When you deposit, you receive **Trilobyte Vault Tokens (tVLT)** — SEP-41 compliant fungible tokens:

| Property     | Value                           |
| ------------ | ------------------------------- |
| **Name**     | Trilobyte Vault Token           |
| **Symbol**   | tVLT                            |
| **Decimals** | 7                               |
| **Standard** | SEP-41 (Stellar fungible token) |
| **Cap**      | Equal to the vault's principal  |

Debt tokens represent your share of the vault and determine your proportion of yield.

{% hint style="warning" %}
**Debt tokens are non-transferable.** You cannot transfer, sell, or delegate your debt tokens to another address. The `transfer`, `transfer_from`, and `approve` functions are disabled.

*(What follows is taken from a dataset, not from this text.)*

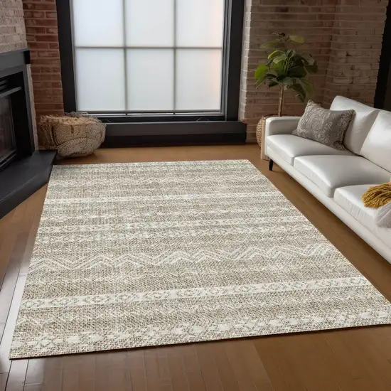 Beige And Ivory Southwestern Washable Indoor Outdoor Area Rug

This ensures that yield claims remain tied to the original depositor.
{% endhint %}

Available token operations:

* `balance` — Check your token balance
* `total_supply` — Check the total supply (= total funded amount)
* `burn` — Redeem tokens (used internally during withdrawals)

## Earning Yield

### How Yield Accumulates

As the borrower makes repayments, a portion (based on the split ratio) flows into the **EMI pool**. This pool holds the yield available to investors.

### Claiming Yield

Call `claim_yield(investor)` to claim your share:

$$
\text{claimable} = \frac{\text{your\_balance}}{\text{total\_supply}} \times \text{emi\_pool} - \text{already\_claimed}
$$

* You can claim at any time during the **Active** or **FullyRepaid** phases
* Claims are cumulative — you receive the difference between your total entitlement and what you've already claimed
* You don't need to claim after every payment — yield accumulates

### Example

| Parameter                         | Value          |
| --------------------------------- | -------------- |
| Vault principal                   | 100,000 USDC   |
| Your deposit                      | 25,000 USDC    |
| Your share                        | 25%            |
| Total EMI pool (after 6 payments) | 20,000 USDC    |
| Your entitlement                  | 5,000 USDC     |
| Already claimed                   | 2,000 USDC     |
| **Claimable now**                 | **3,000 USDC** |

## Monitoring Your Investment

Track your vault's performance using query functions:

| Function                         | What It Shows                           |
| -------------------------------- | --------------------------------------- |
| `get_config()`                   | Vault terms and current phase           |
| `get_investor_deposit(investor)` | Your deposit amount                     |
| `get_claimable(investor)`        | Available yield to claim                |
| `balance(account)`               | Your debt token balance                 |
| `get_payments_made()`            | How many payments the borrower has made |
| `get_outstanding()`              | Remaining principal                     |
| `get_next_due()`                 | Next payment due date                   |
| `get_missed_payments()`          | Consecutive missed payments             |
| `get_emi_pool()`                 | Total accumulated yield pool            |
| `get_late_fees()`                | Accumulated late fees                   |

## Risk Awareness

### What Protects You

* **Manager collateral** — The Pool Manager stakes their own capital, which is slashed on default
* **Delinquency tracking** — Managers with defaults are blocked from new vaults
* **Credit limits** — Cap each manager's total exposure
* **Grace period** — Time buffer before default (default 30 days)
* **Permissionless default trigger** — Anyone can trigger default, preventing collusion
* **Funding/approval deadlines** — Prevent indefinite capital lock-up

### What to Watch For

* **Missed payments** — Check `get_missed_payments()` regularly
* **Late fees** — Rising late fees signal borrower distress
* **Phase changes** — Monitor for transitions to Renegotiation or Defaulted

{% hint style="danger" %}
**Lending carries risk.** If the borrower defaults, the Pool Manager's collateral provides partial recovery, but it may not cover your full deposit. Evaluate each vault's terms and Pool Manager track record carefully before investing.